Yes, that is a good idea, and I believe that it is already in use when implementing ciphers in practice (including those not equivalent to a one time pad). Of course, in the end it must the case that the key is not repeated, otherwise it is not a one time pad.

Originally Posted by Sebastiani

The only requirement there is that the compression format couldn't contain any "signature" bytes that could be used to reveal the key.

For a one time pad, that does not matter. The portion of the key revealed has nothing to do with the rest of the data.

**Sebastiani** · 03-18-2010

Originally Posted by laserlight

Yes, that is a good idea, and I believe that it is already in use when implementing ciphers in practice (including those not equivalent to a one time pad). Of course, in the end it must the case that the key is not repeated, otherwise it is not a one time pad.

Right, and no doubt a true OTP would be much more secure.

Originally Posted by laserlight

For a one time pad, that does not matter. The portion of the key revealed has nothing to do with the rest of the data.
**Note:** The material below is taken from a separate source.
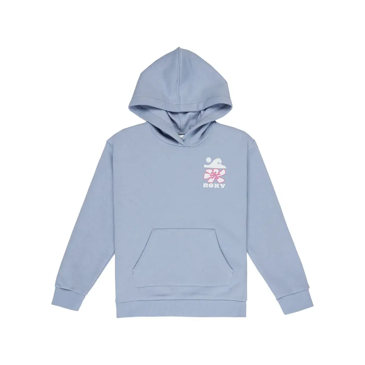 Толстовка с капюшоном для детей 4-16 лет. Особенности включают: Ткань: флисовая смесь хлопка и полиэстера [280 г/м2], Крой: свободный, Воротник: толстовка с капюшоном, Большой карман и Художественные детали Roxy на передней части и рукавах.
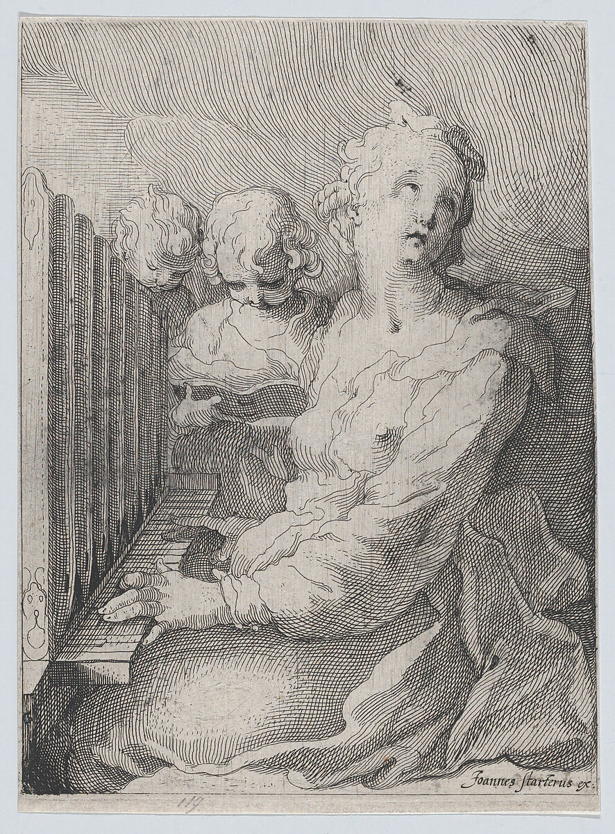 St. Cecilia no doubt had personal meaning for Pietersz. because his brother, Jan PIetersz. Sweelinck, was a composer and organist, and his father was also an organist. Here Pietersz. sets Cecilia in the celestial rather than the worldly realm, accompanied by two young angels. She is seated at an organ, an instrument she was thought to have invented, though in fact it dates from a much earlier period.

Yes, for a true OTP that is indeed the case, but if the key is actually being repeated then revealing a portion of the key would necessarily expose each and every cell that corresponds to that index of the key. So for example, let's say the attacker knows that the data is a text file. He starts with a guess that the key block is N bytes long, and then xor's the Xth index of each block with the value V. If every byte altered yields a character, it's marked as a possible candidate, and the process continues. Then all of the permutations of candidate combinations are tried and compared with a dictionary. The value of N is incremented and the process repeats. Even though it's just a brute force technique, the rejection criteria may well speed things up quite a bit, making it an ugly but notheless feasable approach.

**laserlight** · 03-18-2010

Originally Posted by kryptkat

i provide you with a senerio where your criteria is met. a user recognizing the message as the one that was encrypted. the user lost the key and had to brute force the file to recover the data. how is that not considered breaking a one time pad ?

How can that be considered as breaking a one time pad? Let's make your scenario harder: not only has the user lost the key, but the user has lost the encrypted file as well. It is obvious that using your idea, the user can still recover the message, simply by brute force. In other words, it is not even necessary to have the ciphertext to retrieve the plaintext. Therefore, there is no cryptanalysis involved; you're only testing the user's ability to recognise the message when it is shown to him/her.